Real estate commission changes could be changing

Sellers were sued over having to pay the buyer agent commission. Now buyers will have to save more to buy a home.

TAMPA, Fla. — The real estate market is about to get even better if you’re selling. The custom of paying the buyer’s agent commission will likely go away because of new changes announced Friday by a powerful real estate trade association. The National Association of Realtors has agreed to pay $418 million and change its rules to settle lawsuits claiming homeowners have been unfairly forced to pay artificially inflated agent commissions when they sold their homes. 

Under the terms of the settlement announced Friday, the NAR agreed to change rules that for decades required brokers or agents who list a home for sale on the trade groups affiliated Multiple Listing Services to offer compensation up front to agents representing potential homebuyers. Last fall, a federal jury hearing a lawsuit brought by home sellers ordered the NAR and other defendants to pay almost $1.8 billion in damages.

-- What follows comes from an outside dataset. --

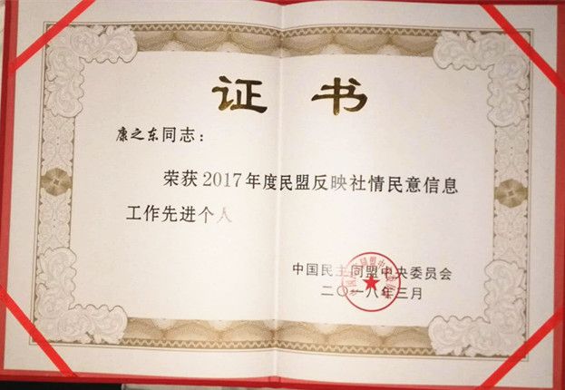 据悉,2017年康之东撰写的《关于警惕境内外敌对势力借期货、股市平台做空我国经济的建议》、《关于以立法形式建立对外援助与投资审查评估机制的建议》等2篇社情民意信息,被民盟中央采用;撰写的《就蒙古国可能陷入债务危机的建议》、《石油输出国组织达成减产协议对我国可能造成的影响与应对建议》、《关于综合施治、保护反腐成果的建议》等3篇社情民意信息,被省政协转报转送省委、省政府。

“Regardless of what’s been said in these lawsuits, every time I go to a listing appointment, the commission is negotiable,” said Tampa real estate broker Michael Palermo. 

Palermo has been in Tampa real estate for decades and doesn’t expect too much impact to him personally or to his agents.

“If they’re knowledgeable, if they know the process and they can demonstrate that knowledge and how they’re going to work for their client, they shouldn’t have a problem,” he said.

Decoupling each agent commission will make the seller paying the buying agents commission, usually 2 or 3 percent, less common. 3 percent of an average home sale is 10 to 15 thousand dollars. Sellers won’t have to take that out of their proceeds, but it could lower their home price.

“This will make it more difficult for first time home buyers,” said Dr. Lei Wedge, associate professor at the USF Kate Tiedemann School of Business and Finance.

If the change happens, it’ll become standard practice in Florida for buyers to sign formal agreements with agents to help them find a home in exchange for upfront fees or deposits, on top of the tens of thousands of dollars they need already to get a mortgage. 

“If you’re younger, you don’t have enough savings, now that’s additional cost that you need to come out of your pocket for you to be able to afford a home,” she said.

The proposal still needs a judge to approve it. Now while established agents like Palermo will be able to adjust, part-time realtors and those who struggle to find listings may have to be more aggressive in courting buyers.